That could work. Maybe a 18" in an EBS enclosure would work too? It would be bigger then two Lab12's, but it might be lighter.


----------



## Geoff St. Germain (Dec 18, 2006)

The thing is I have yet to find an 18" with the same LF extension as the LAB12 driver. Of course this comes at a pretty severe penalty of 89 dB/1W/1m sensitivity. I would like to find an 18" or even a 15", because each of the LAB12s weighs about the same as your typical 18" PA woofer (22 lbs), so doubling it up is obviously going to add a lot of weight.
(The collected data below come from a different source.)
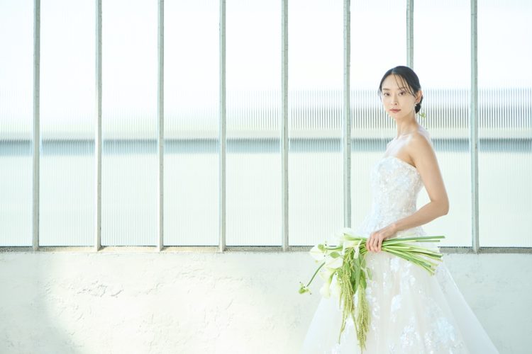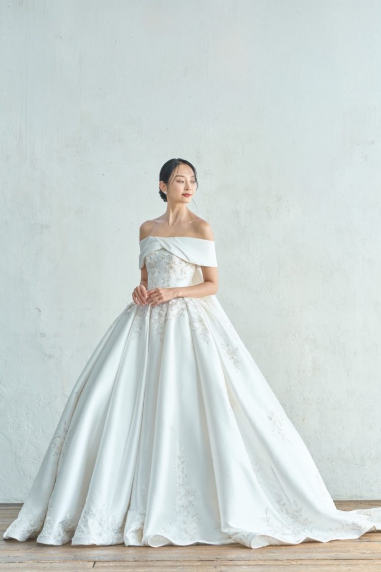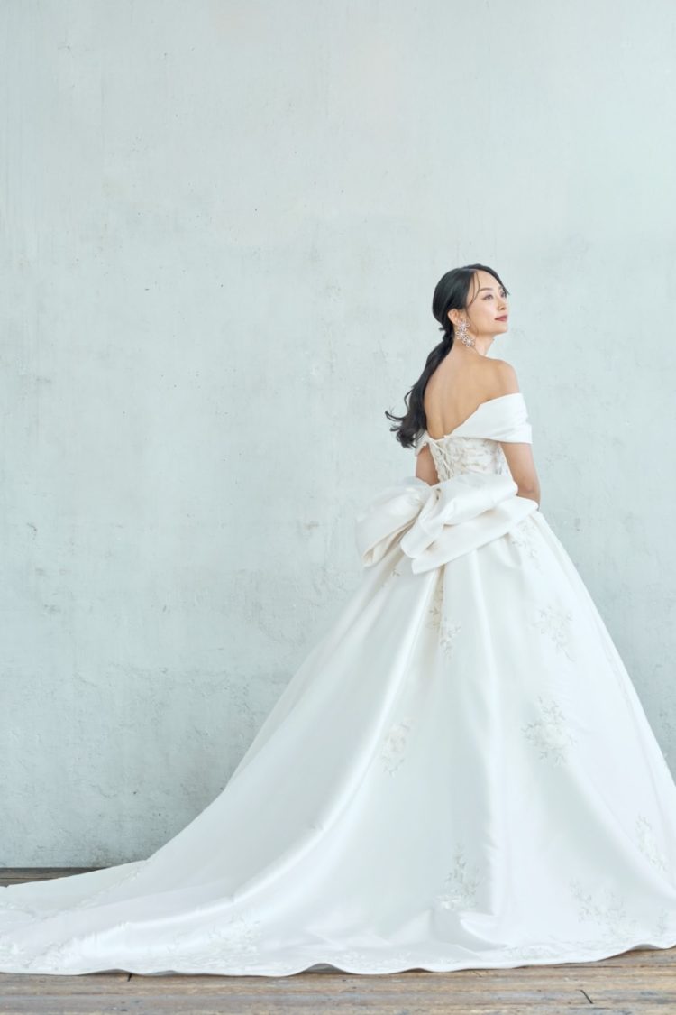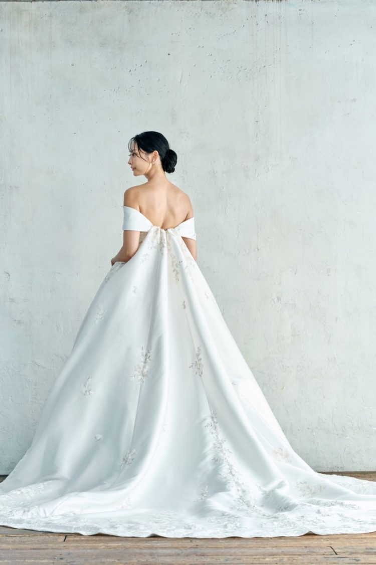 糸色まで厳選して織り上げたレースは、光の加減で表情を変え、上質な煌めきを放ちます。オフショルダー、ワトートレーン、バックリボンは取り外し可能。カスタム自由なマルチウェイドレスです。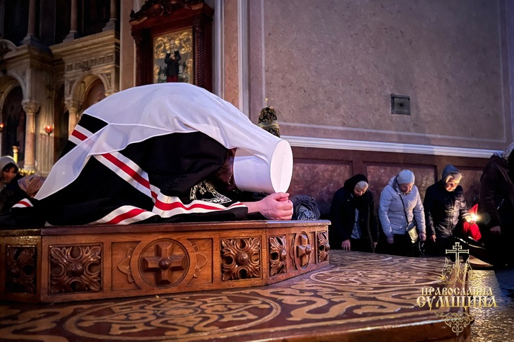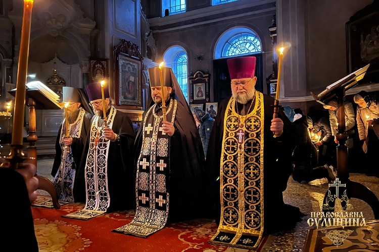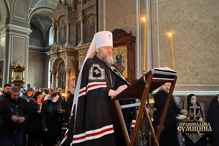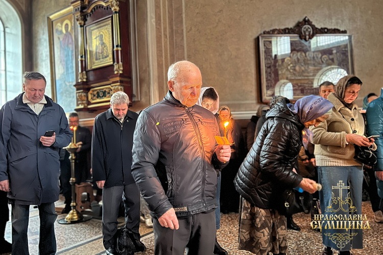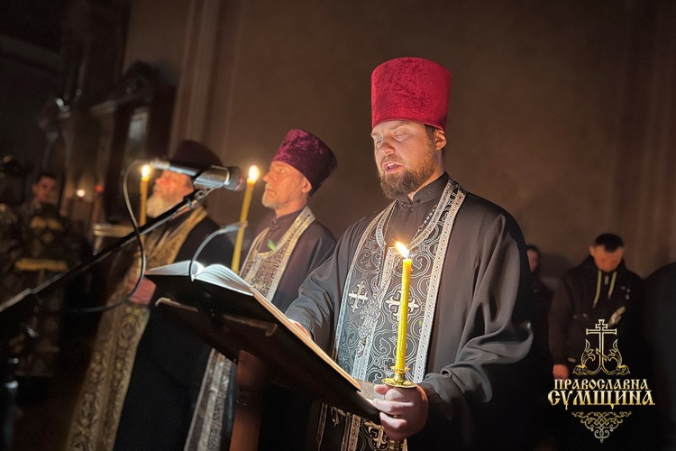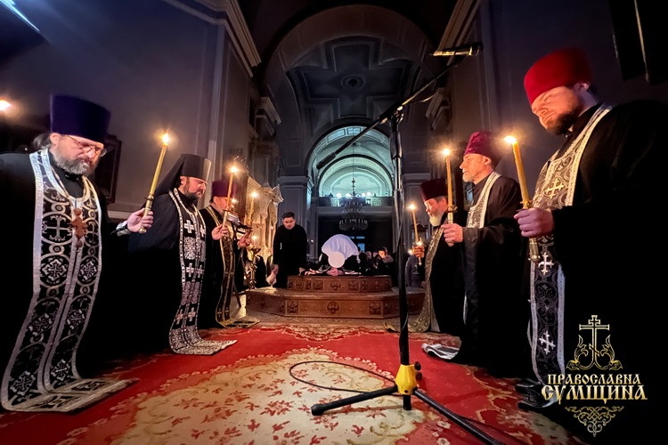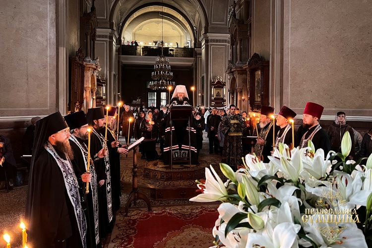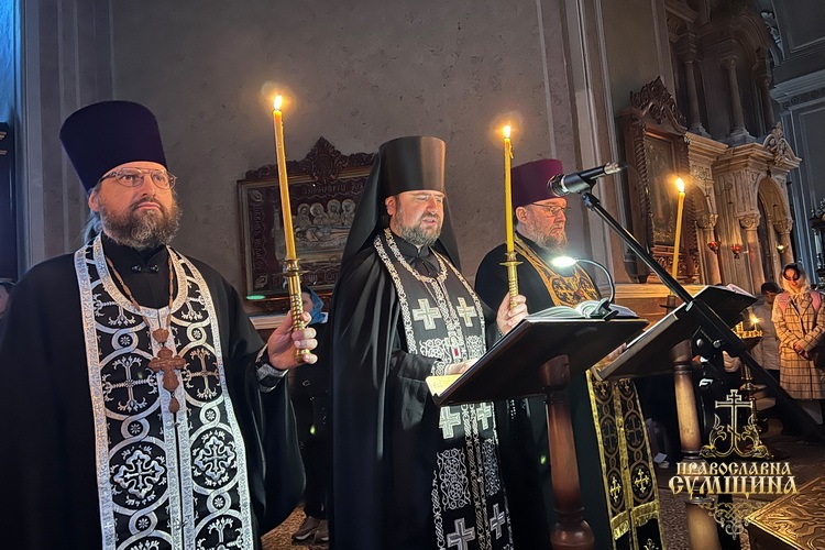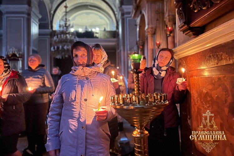 Богослужіння очолив митрополит Сумський і Охтирський Євлогій у співслужінні соборного духовенства. Величні тексти канону, сповнені глибокого духовного змісту, цього вечора звучали особливо проникливо у світлі запалених свічок, які тримали у руках священнослужителі та богомольці.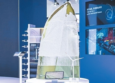 西門子能源展出全球首款可回收風(fēng)機(jī)葉片。葉片使用周期結(jié)束后,其部件材料可通過工業(yè)化方式,進(jìn)行樹脂和纖維材料的安全環(huán)保分離,回收的纖維材料仍保持良好性能。本報記者 廖睿靈攝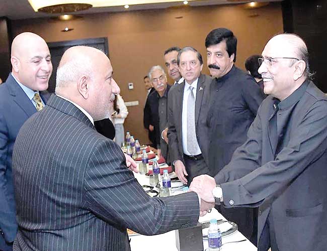 کربلا: صدر آصف علی زرداری اپنے اعزاز میں منعقدہ ظہرانے میں گورنر ڈاکٹر ناصیف جاسم سے مصافحہ کرتے ہوئے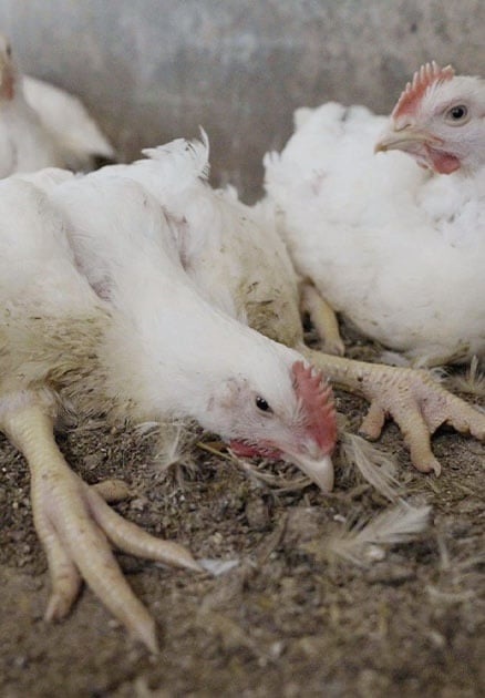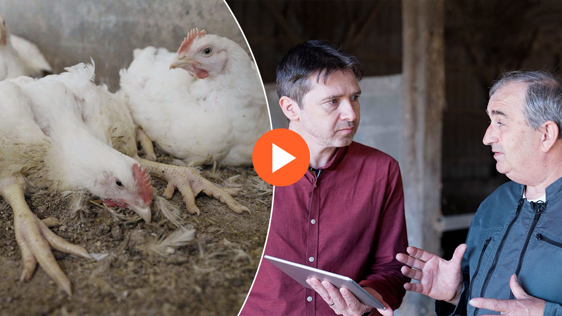Dans l’élevage filmé en Loire-Atlantique, 23 500 poulets sont entassés dans un bâtiment de 1 500 m². Ils sont nourris au soja OGM importé, supplémenté d’antibiotiques. Des poulets malades agonisent de longues heures, avant de mourir au milieu des vivants.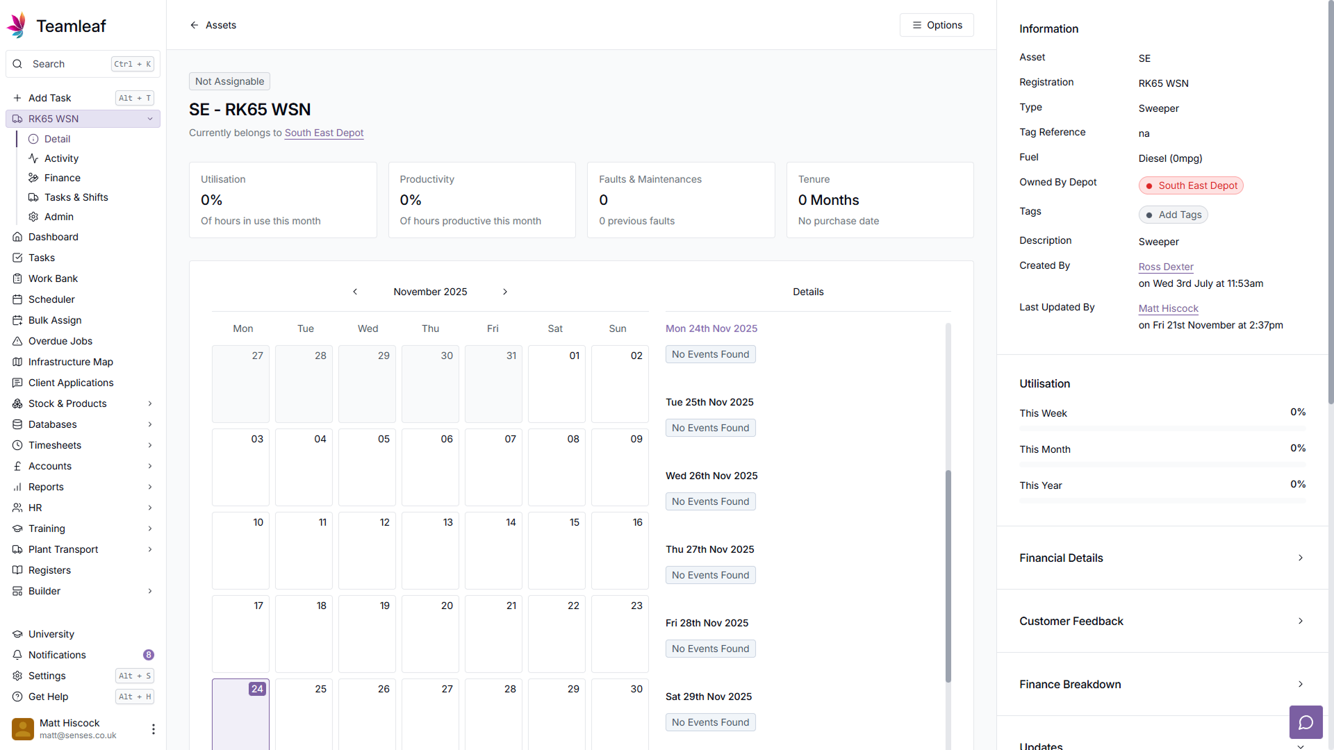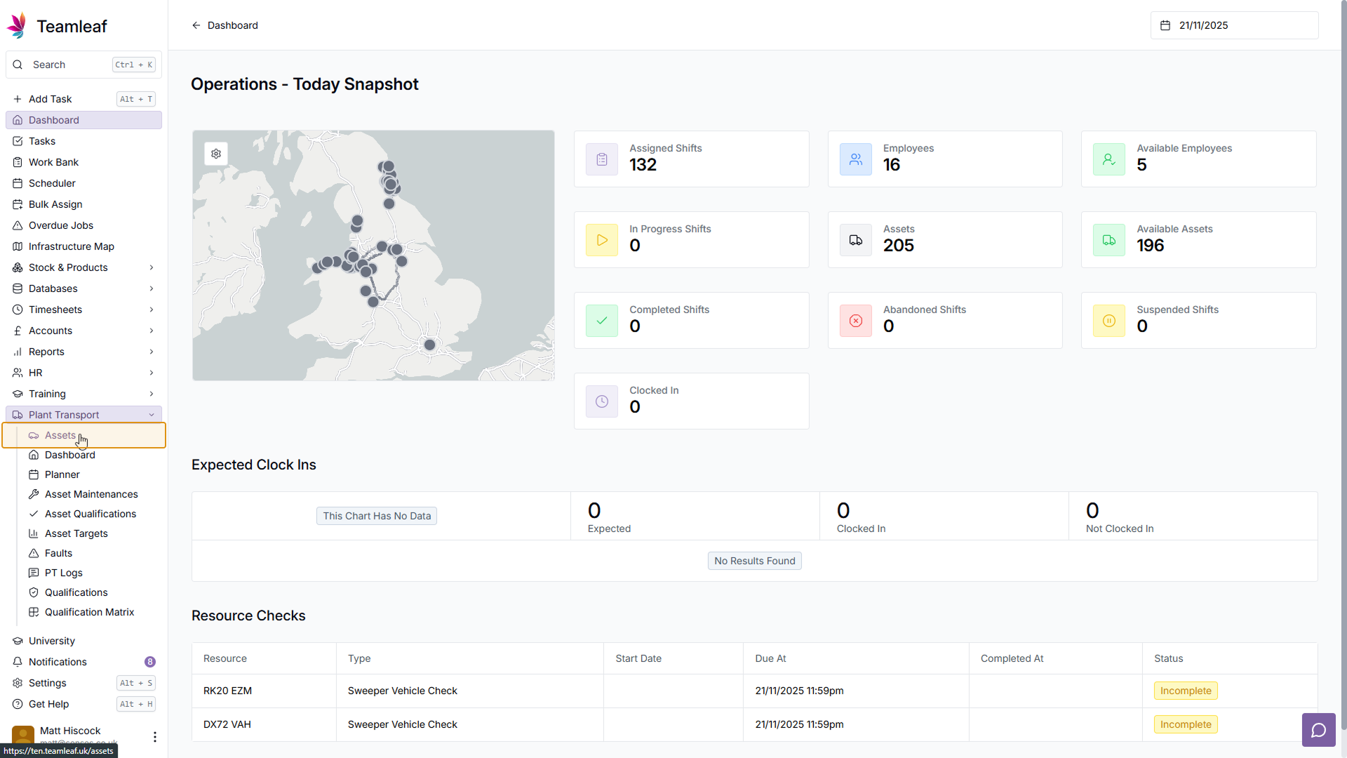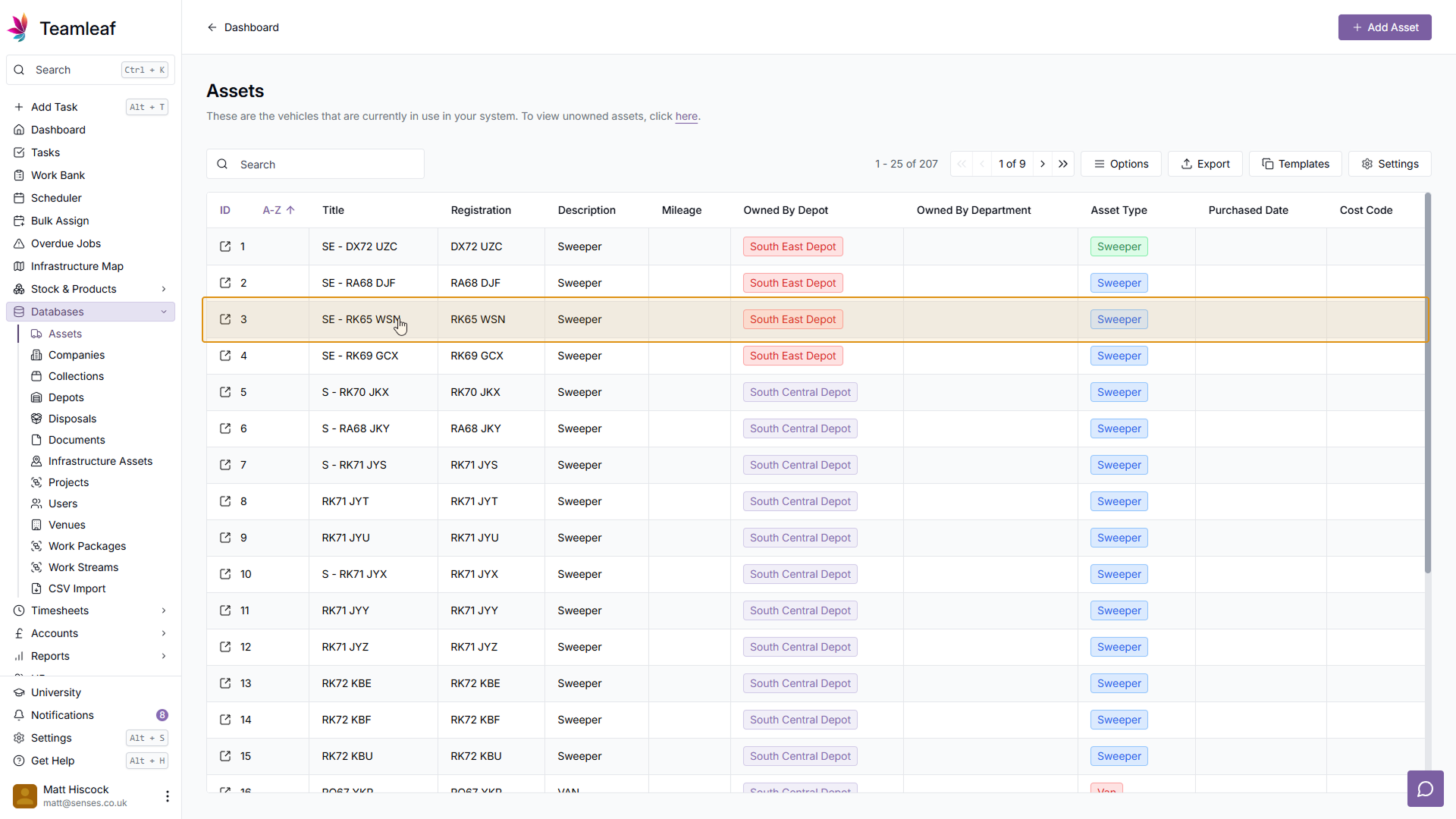 To start, click 'Plant Transport' on the left sidebar, then click 'Assets' in the dropdown menu to go to the Assets page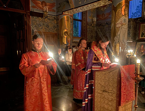 Его Преосвященству сослужил клирик храма диакон Константин Бабак. Перед началом Литургии читался акафист Воскресению Христову.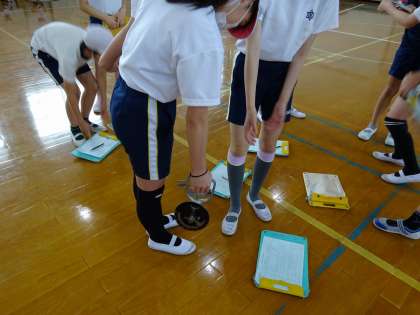 体力テストを実施しました。今回は「ソフトボール投げ」と「握力」の測定の様子です。少しでも記録が伸びるように子どもたちも精一杯頑張っていました。

I'm not too sure about an EBS alignment for a bass cab. I would have to say that almost all of the gigs I've played have been in venues to large to have appreciable room gain. This is based on my understanding that the EBS alignment is intended to match up with room gain to arrive at a pretty flat response.


----------



## Guest (Feb 28, 2008)

Is it possible for BoomieMCT to post the dimensions of the bass cab, the port etc., he built for his friend?
I am a bass player myself and need one or two of those cabs. 

Ola

Norway


----------



## BoomieMCT (Dec 11, 2006)

Shotgun said:


> Is it possible for BoomieMCT to post the dimensions of the bass cab, the port etc., he built for his friend?
> I am a bass player myself and need one or two of those cabs.
> 
> Ola
> ...


You know so much of what I do is on napkins so I don't save as much as I should. That being said I do happen to have the cut layout (see attached, all numbers are inches). I think the volume is 1.6 cubic feet with a 46Hz tune (equivalent to a 4.7 inch diameter port 7.8 inches long).


----------



## Ricci (May 23, 2007)

Geoff St. Germain said:


> The thing is I have yet to find an 18" with the same LF extension as the LAB12 driver. Of course this comes at a pretty severe penalty of 89 dB/1W/1m sensitivity. I would like to find an 18" or even a 15", because each of the LAB12s weighs about the same as your typical 18" PA woofer (22 lbs), so doubling it up is obviously going to add a lot of weight.
> 
> I'm not too sure about an EBS alignment for a bass cab. I would have to say that almost all of the gigs I've played have been in venues to large to have appreciable room gain. This is based on my understanding that the EBS alignment is intended to match up with room gain to arrive at a pretty flat response.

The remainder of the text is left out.